◆ ABOUT THIS EXERCISE ◆
Print the entries verbatim, leaving out the images they contain.

◆ DATA EXTRACT ◆
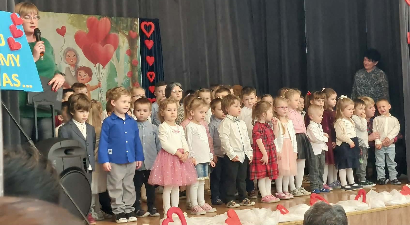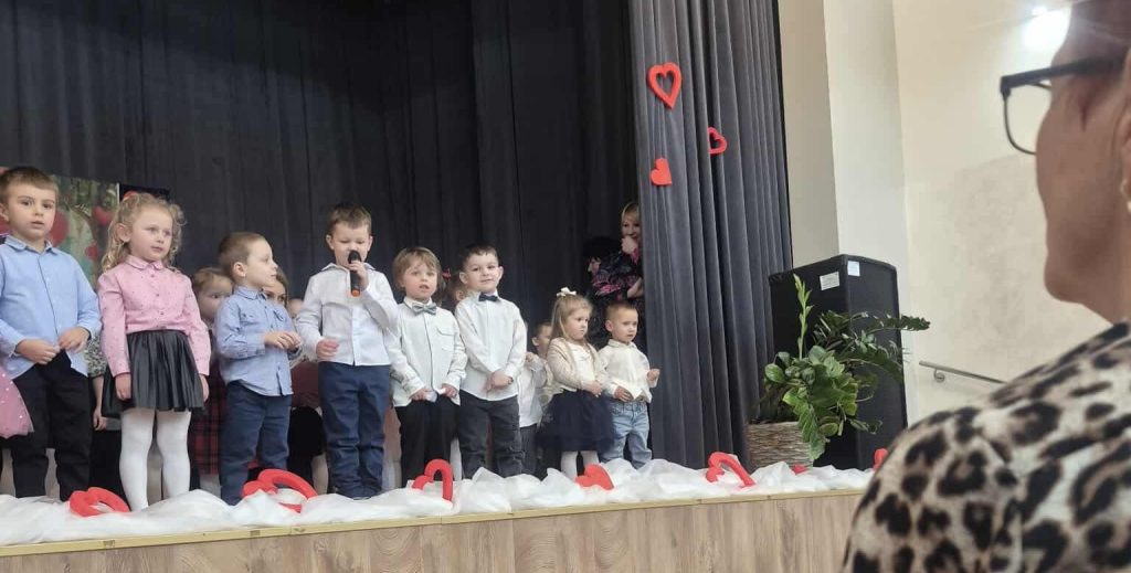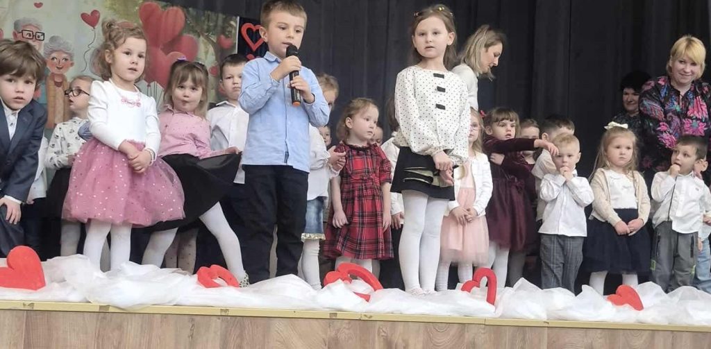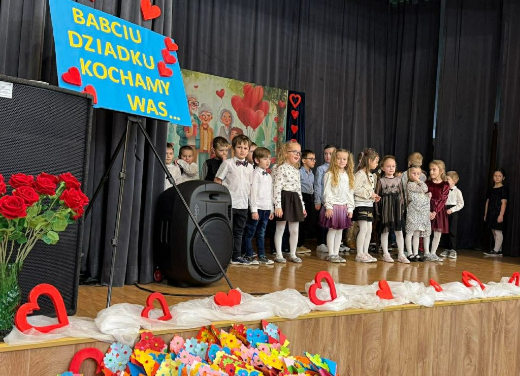 Nasze przedszkolaczki z ogromnym zaangażowaniem zaprezentowały wiersze, piosenki i tańce dla swoich babć i dziadków na dużej scenie w sali Gminnego Ośrodka Kultury. Był to czas pełen wzruszeń, uśmiechów i wdzięczności. Wszystkim babciom i dziadziom składamy najserdeczniejsze życzenia, dużo zdrowia, pogody ducha i wielu wspaniałych chwil z spędzonych z wnuczętami.
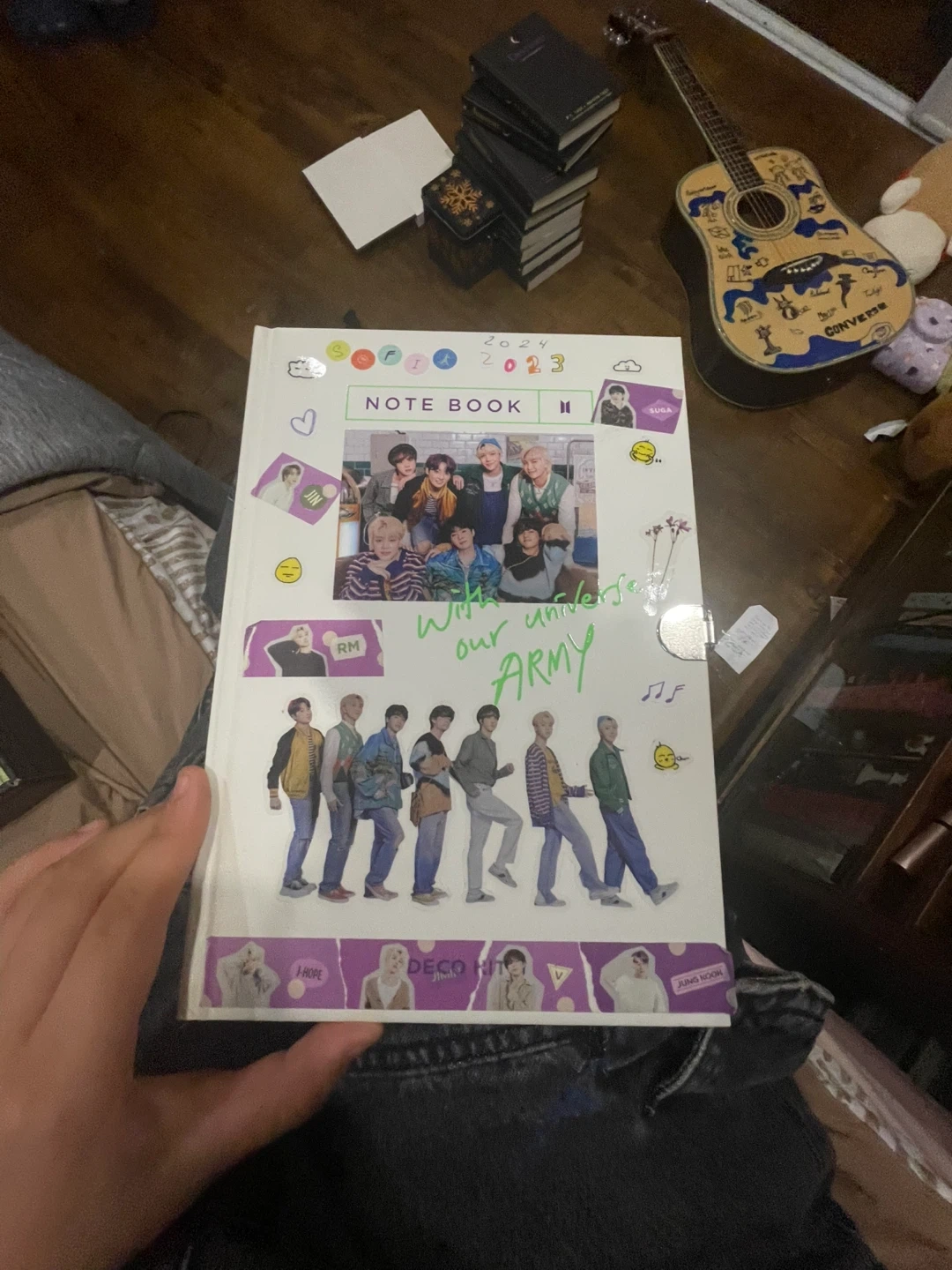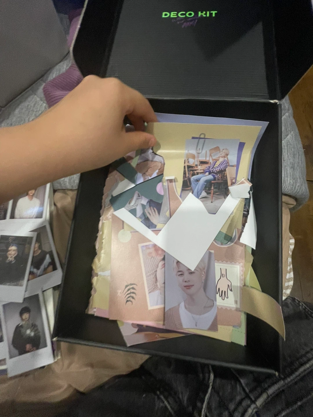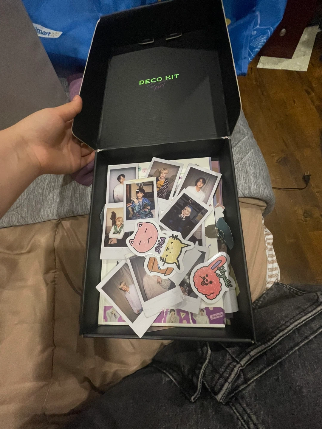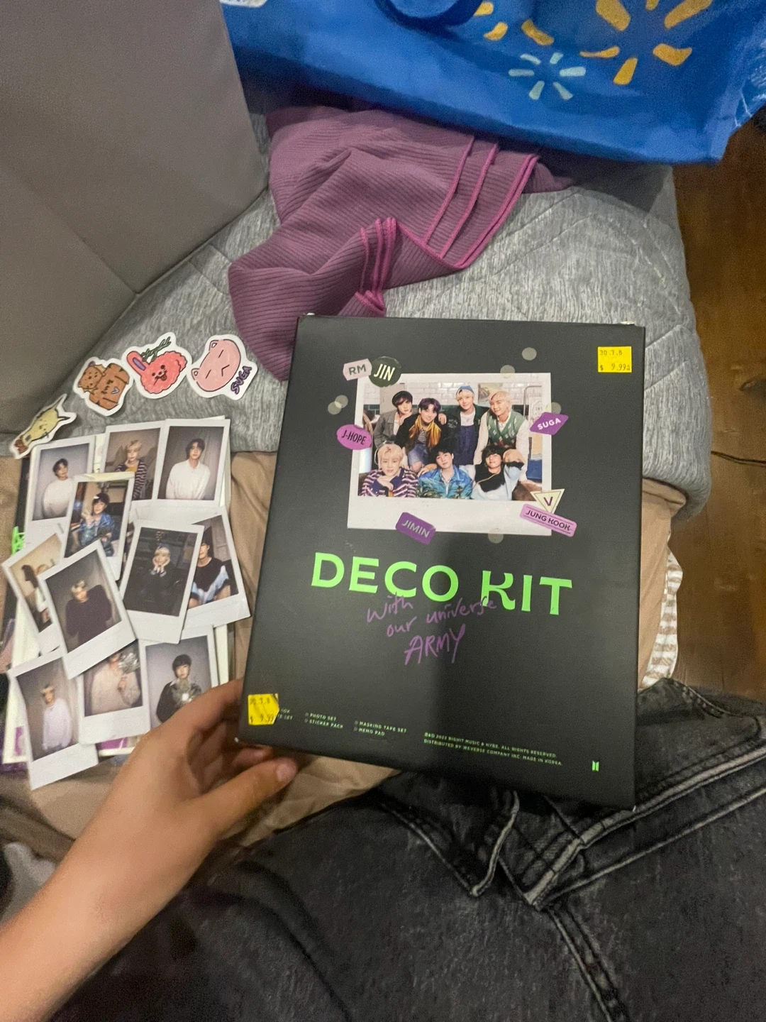 Selling a BTS Deco Kit with Our Universe Army. It comes with a variety of stickers and photos. The kit is in an okay condition and includes the original box! (Decorated)
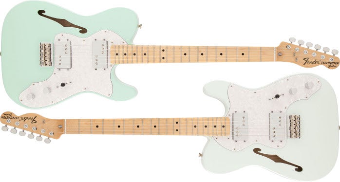 Als Fender nieuwe Special Editions uitbrengt mag de Telecaster natuurlijk niet ontbreken. Dit jaar komen ze in de vorm van de Limited Edition '72 Thinline Tele in Faded Sonic Blue of Surf Green. Zoals de naam al doet vermoeden zijn bij deze fraai uitgevoerde Teles de specificaties van het Thinline moel uit begin jaren 70 gevolgd. Dit is onder andere te zien aan de 'bullet-style' trekstang en de Fender F-style stemmechanieken. De recent aangepaste Fender Wide Range Humbuckers koppelen de rijke cleane sound van single-coil elementen aan de warmte en hogere output van humbuckers. Deze twee teles zijn dus zowel een lust voor het oog als voor het oor.
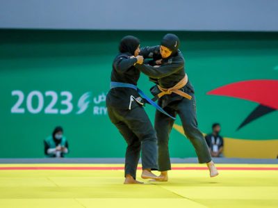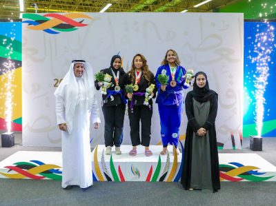 توجت الأستاذة أضواء العريفي مساعد وزير الرياضة لشؤون الرياضة، اللاعبة العنود الضفيان بذهبية وزن تحت 60 كجم، في منافسات الجوجيتسو التي اختتمت اليوم الأربعاء في الأرينا الرياضية بجامعة الملك سعود، فيما حصلت لاما المدني على الميدالية الفضية، ونالت مرام محمد ونورة الدخيل الميدالية البرونزية.
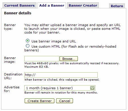 First select whether you will be choosing to upload your own banner image (gif, jpg or bng file) or whether you wish to instead use a flash banner or remotely hosted banner and will instead be entering the proper HML to call the image/file from another Internet location.
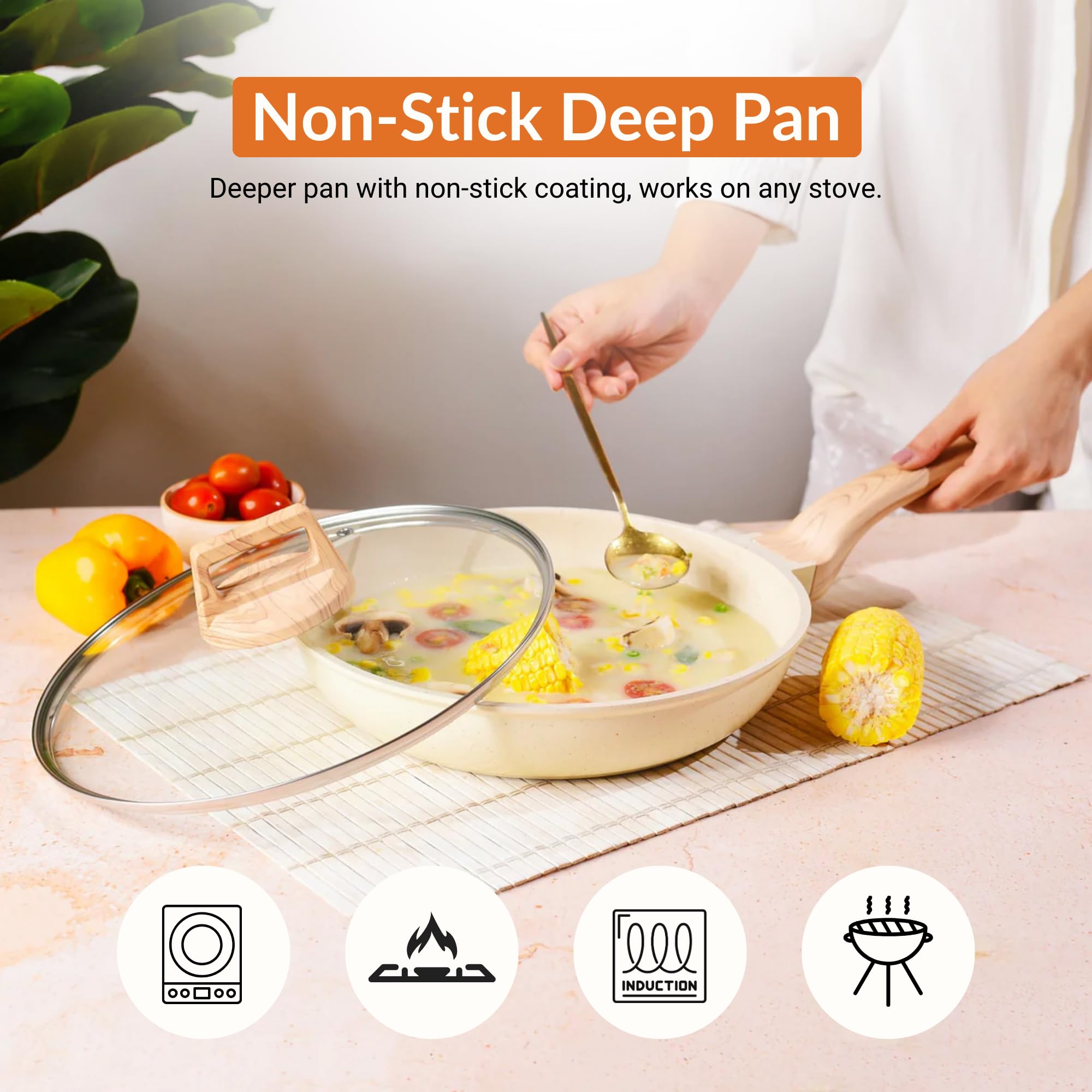 - Nonstick Surface: The pan boasts a nonstick surface that effectively prevents food from sticking, reducing the need for excessive cooking oil. This feature promotes healthier cooking by allowing the use of minimal edible vegetable oil.

◆ TASK ANSWER ◆
 Nasze przedszkolaczki z ogromnym zaangażowaniem zaprezentowały wiersze, piosenki i tańce dla swoich babć i dziadków na dużej scenie w sali Gminnego Ośrodka Kultury. Był to czas pełen wzruszeń, uśmiechów i wdzięczności. Wszystkim babciom i dziadziom składamy najserdeczniejsze życzenia, dużo zdrowia, pogody ducha i wielu wspaniałych chwil z spędzonych z wnuczętami.
 Selling a BTS Deco Kit with Our Universe Army. It comes with a variety of stickers and photos. The kit is in an okay condition and includes the original box! (Decorated)
 Als Fender nieuwe Special Editions uitbrengt mag de Telecaster natuurlijk niet ontbreken. Dit jaar komen ze in de vorm van de Limited Edition '72 Thinline Tele in Faded Sonic Blue of Surf Green. Zoals de naam al doet vermoeden zijn bij deze fraai uitgevoerde Teles de specificaties van het Thinline moel uit begin jaren 70 gevolgd. Dit is onder andere te zien aan de 'bullet-style' trekstang en de Fender F-style stemmechanieken. De recent aangepaste Fender Wide Range Humbuckers koppelen de rijke cleane sound van single-coil elementen aan de warmte en hogere output van humbuckers. Deze twee teles zijn dus zowel een lust voor het oog als voor het oor.
 توجت الأستاذة أضواء العريفي مساعد وزير الرياضة لشؤون الرياضة، اللاعبة العنود الضفيان بذهبية وزن تحت 60 كجم، في منافسات الجوجيتسو التي اختتمت اليوم الأربعاء في الأرينا الرياضية بجامعة الملك سعود، فيما حصلت لاما المدني على الميدالية الفضية، ونالت مرام محمد ونورة الدخيل الميدالية البرونزية.
 First select whether you will be choosing to upload your own banner image (gif, jpg or bng file) or whether you wish to instead use a flash banner or remotely hosted banner and will instead be entering the proper HML to call the image/file from another Internet location.
 - Nonstick Surface: The pan boasts a nonstick surface that effectively prevents food from sticking, reducing the need for excessive cooking oil. This feature promotes healthier cooking by allowing the use of minimal edible vegetable oil.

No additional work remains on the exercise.